Corresponding "before" and "after" values form matched pairs. (Calculate "after" – "before.")

The data for the test are the differences: {0.2, –4.1, –1.6, –1.8, –3.2, –2, –2.9, –9.6}

The sample mean and sample standard deviation of the differences are: $\overline{x_d}=\mathrm{–3.13}$ and $s_d=2.91$ Verify these values.

Let ${\mu }_d$ be the population mean for the differences. We use the subscript $d$ to denote "differences."

Random variable: ${\overline{X}}_d$ = the mean difference of the sensory measurements

H ₀ : μ _d ≥ 0

The null hypothesis is zero or positive, meaning that there is the same or more pain felt after hypnotism. That means the subject shows no improvement. μ _d is the population mean of the differences.)

H _a : μ _d <0

The alternative hypothesis is negative, meaning there is less pain felt after hypnotism. That means the subject shows improvement. The score should be lower after hypnotism, so the difference ought to be negative to indicate improvement.

Distribution for the test: The distribution is a Student's t with df = n – 1 = 8 – 1 = 7. Use t ₇ . (Notice that the test is for a single population mean.)

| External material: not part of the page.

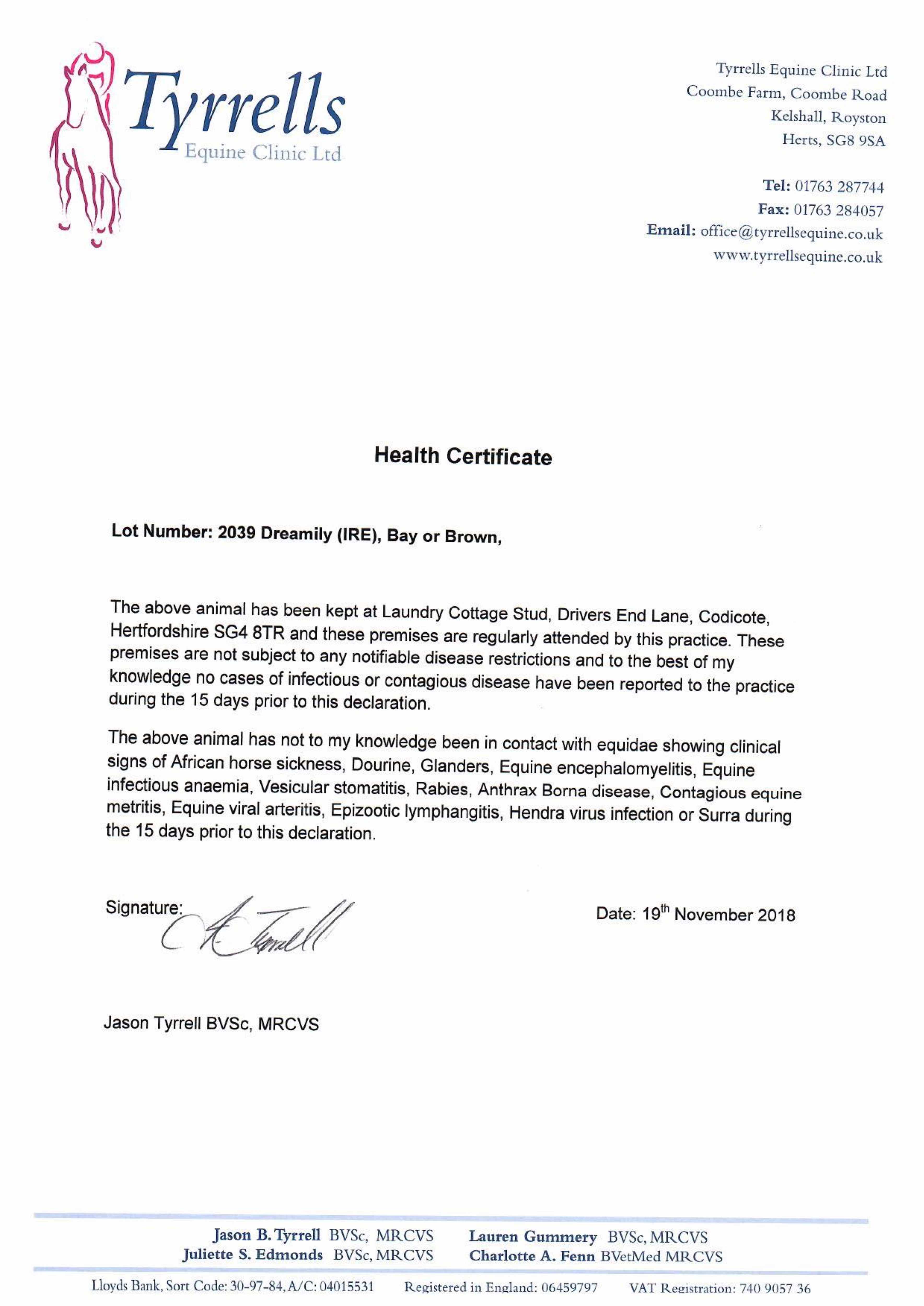 December Foal Sale 2018 lot 461 F. by Bobby's Kitten (USA) 2018, Laundry Cottage Stud Farm=>Torben Christensen 1,000 gns

Calculate the p -value using the Student's-t distribution: p -value = 0.0095

Graph:

${\overline{X}}_d$ is the random variable for the differences.

The sample mean and sample standard deviation of the differences are:

${\overline{x}}_d$ = –3.13

${\overline{s}}_d$ = 2.91

Compare α and the p -value: α = 0.05 and p -value = 0.0095. α > p -value.

Make a decision: Since α > p -value, reject H ₀ . This means that μ _d <0 and there is improvement.

Conclusion: At a 5% level of significance, from the sample data, there is sufficient evidence to conclude that the sensory measurements, on average, are lower after hypnotism. Hypnotism appears to be effective in reducing pain.